The U.S. Postal Service and the Solid Waste Authority of Central Ohio (SWACO) have initiated two pilot programs that will help raise awareness of recycling disposed mail and reducing landfill waste.

Both programs will be identified under the banner of, “Read, Respond, and Recycle,” said Joshua D. Colin, the postal service’s Columbus district manager.

In the first pilot initiative announced, SWACO and the postal service joined a number of major central Ohio mailers to educate consumers that mail is recyclable.

The effort will use the 3Rs - “Read, Respond, and Recycle” - in a number of approaches to remind consumers to recycle mail once they are ready to dispose of it.
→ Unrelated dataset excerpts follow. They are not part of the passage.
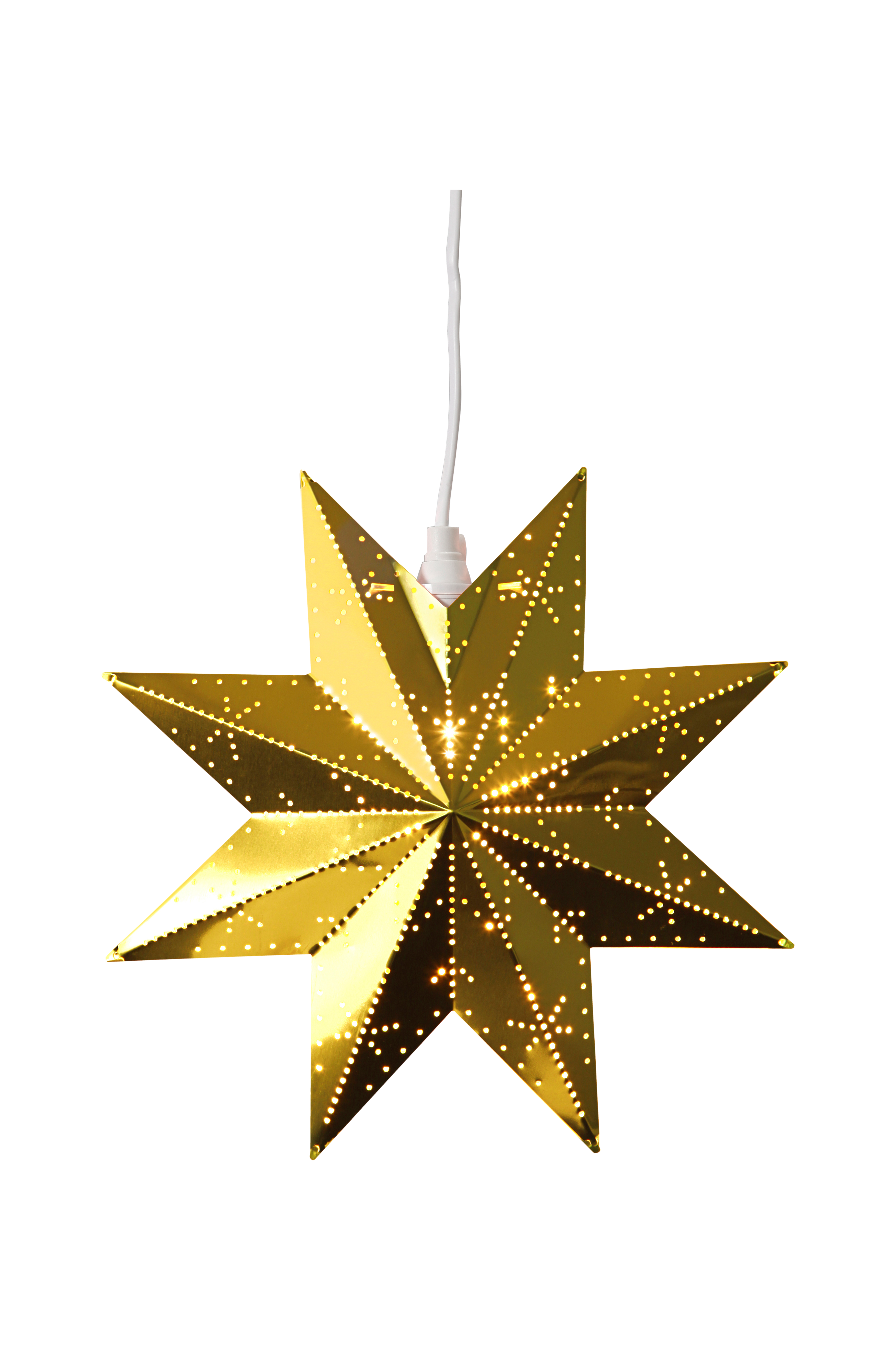 Mitat: Leveys 28 cm. Syvyys 8 cm. Korkeus 28 cm. Messinginvärinen metallivalotähti. Toimitukseen sisältyy 3,5 m:n ripustussarja. 230 V E14-lampunkanta. Valonlähde ei sisälly toimitukseen.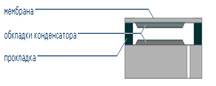 В данном варианте роль подвижной обкладки конденсатора выполняет металлическая диафрагма.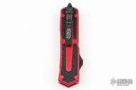 This Scarab OTF automatic by Microtech features a black double edge blade with a plain edges and red aluminum handle with non-slip inserts. Black coated stainless steel clip. Glass breaker. 02/2007 and serial number 01453. Comes with original box, sheath and papers. Has some minor wear on the edges of the clip, has a couple light rub marks on the blade, otherwise excellent condition.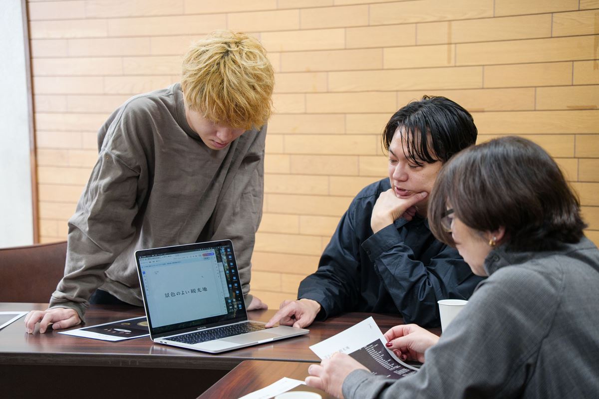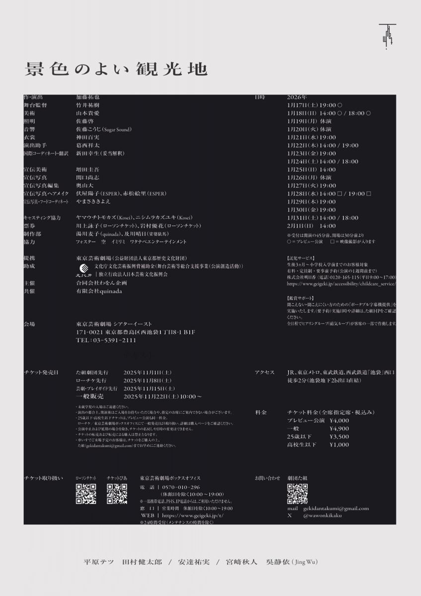 暗闇の中でテーブルを囲む5人の男女。首と手もとだけが浮かび上がって見えて、どこか不気味です。その写真の下には、どうやら上で彼らが手を伸ばそうとしているらしい皿の様子が。見る者の心をざわつかせるような『景色のよい観光地』のチラシについて、た組の作・演出を務める加藤拓也さんと、デザイナーの増田圭吾さんにお話を聞きました。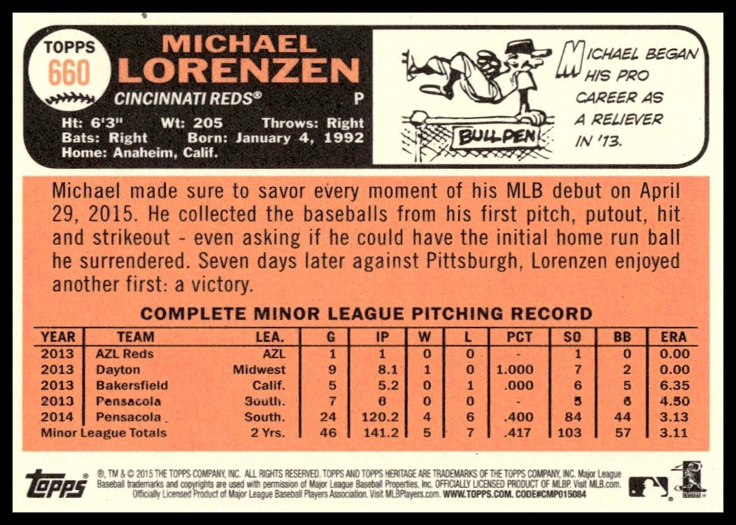 2015 Topps Heritage High Number Michael Lorenzen #660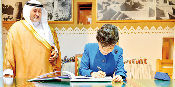 وفي نهاية الجولة سجلت كلمة في السجل الذهبي للمتحف، عبرت فيها عن سعادتها بزيارة المتحف الوطني وقالت» إنه يمثل علامة مضيئة تحكي تاريخ المملكة والحضارات المتعاقبة على أرضها، مبدية إعجابها بمقتنياته ومعروضاته». كما زارت فخامة رئيسة جمهورية كوريا قصر المصمك التاريخي بالرياض, حيث استقبلها الدكتور علي الغبان، ومدير المتحف ناصر العريفي . وتجولت داخل القصر واطلعت على ما يحتويه من معروضات تاريخية، وصور ومعلومات وخرائط تبرز تاريخ المملكة ومراحل تأسيسها. واستمعت إلى شرح عن أهمية حصن المصمك وما قام به المؤسس الملك عبدالعزيز ـ رحمه الله ـ, من كفاح في توحيد المملكة العربية السعودية، وجهود الهيئة العامة للسياحة والآثار في العناية والحفاظ على التراث والآثار بالمملكة. وأبدت فخامة الرئيسة الكورية في كلمة سجلتها في سجل الزوار إعجابها بقصر المصمك التاريخي وما تقوم به الهيئة العامة للسياحة والآثار من أعمال تطويرية للمتاحف .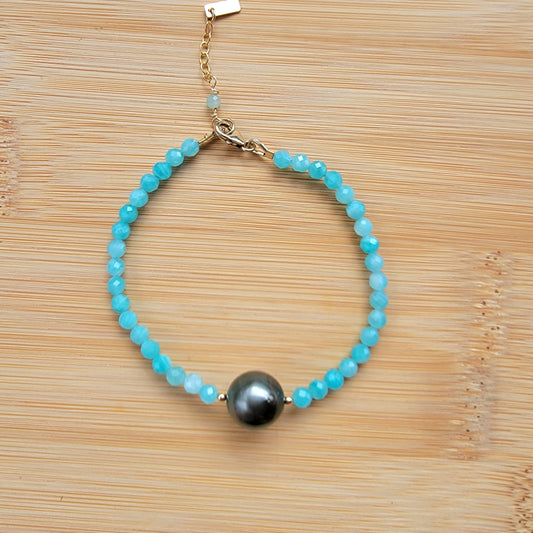 Tahitian Pearl Bracelet Amazonite Crystal Gemstone Handmade June Birthstone Unique Gift Black South Sea Pearl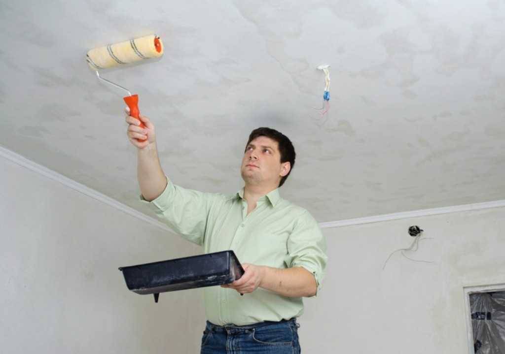 Процесс грунтовки потолка под водоэмульсионную краску практически не отличается от обычного, за исключением тех случаев, что уже описаны выше.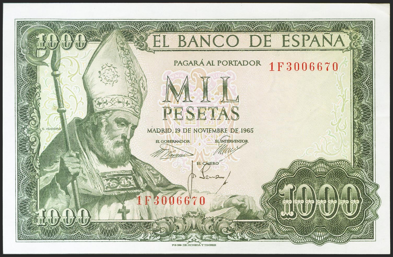 1000 pesetas. November 19, 1965. Series 1F. (Edifil 2021: 471b). original sizing Almost Uncirculated.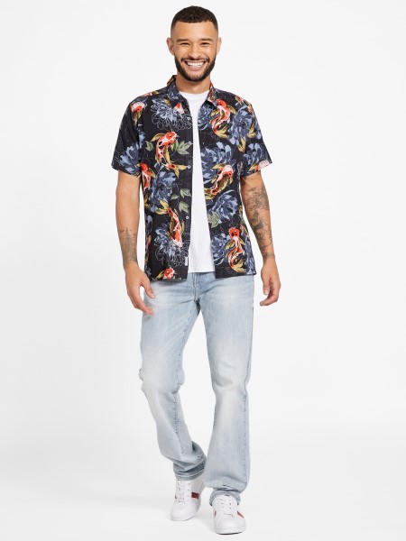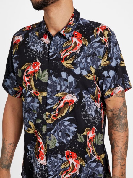 Adj Hozzá Egy Kis Zent A Stílusodhoz. Ezt Az Inget Mindenhol Virágos Koimintával, Rövid Ujjal és Gombos Elülső Zárással Tervezték. Felelősen Beszerzett Erdei Rostból Készült.

The message will be carried in public service announcements, on websites and on outgoing mail pieces.

“SWACO is excited to partner with the U.S. Postal Service on ‘Read, Respond and Recycle’,” said Mills. “We hope this project will serve as a strong reminder to residents and businesses that much of what we throw away is recyclable. If you shred your mail after reading, we still accept that for recycling as well. Just put the shredded material in a bag to keep it from blowing around. Most of what comes to SWACO’s Franklin County Landfill can be recycled. As a matter of fact, 43 percent of what is delivered to the landfill is paper or cardboard. That’s about 375,000 tons annually! A lot of it is discarded mail. We believe the efforts by the Post Office and these direct mail customers will help us deliver the message that most mail can be recycled.”

According to the EPA, advertising mail makes up 2.4 percent of municipal solid waste, while more than 35 percent of this mail is now recycled. Mills said that 43 percent of what is delivered to the Franklin County Landfill is paper or cardboard that is recyclable.

Adam Trabitz, director of sales and marketing for Custom House Publishers, a Worthington-based company specializing in direct marketing strategies, said his company has already begun phasing in the recycling message onto an expected seven million customized newspapers in the coming year. “It is a small but effective way each of us can help,” he said.

Another early supporter, Columbus-based Highlights for Children, anticipates the slogan appearing on six million of its catalogs this year, while Cheryl and Co., the Central Ohio company known for its cookies, said it will print the logo and tagline on its outgoing mail to customers “to help reiterate the importance of recycling.” The company mails millions of catalogs each year. The law firm of Porter Wright Morris & Arthur, LLP plans to use the recycling logo on outgoing First-Class mailings, while Columbus-based Ohio Appliance Service Center, and its subsidiary, will place the logo on outgoing Priority mail and parcels.

In a second initiative announced in Columbus, locked and secure recycling containers will be placed in 23 Post Office lobbies in Columbus, Dublin, Hilliard and Westerville for use by post office box customers who wish to recycle.

Many customers who open mail and conduct business in the lobbies will now have the option of recycling discarded paper rather than sending it to landfills. Central Ohio Post Offices are the first in the nation to receive the containers.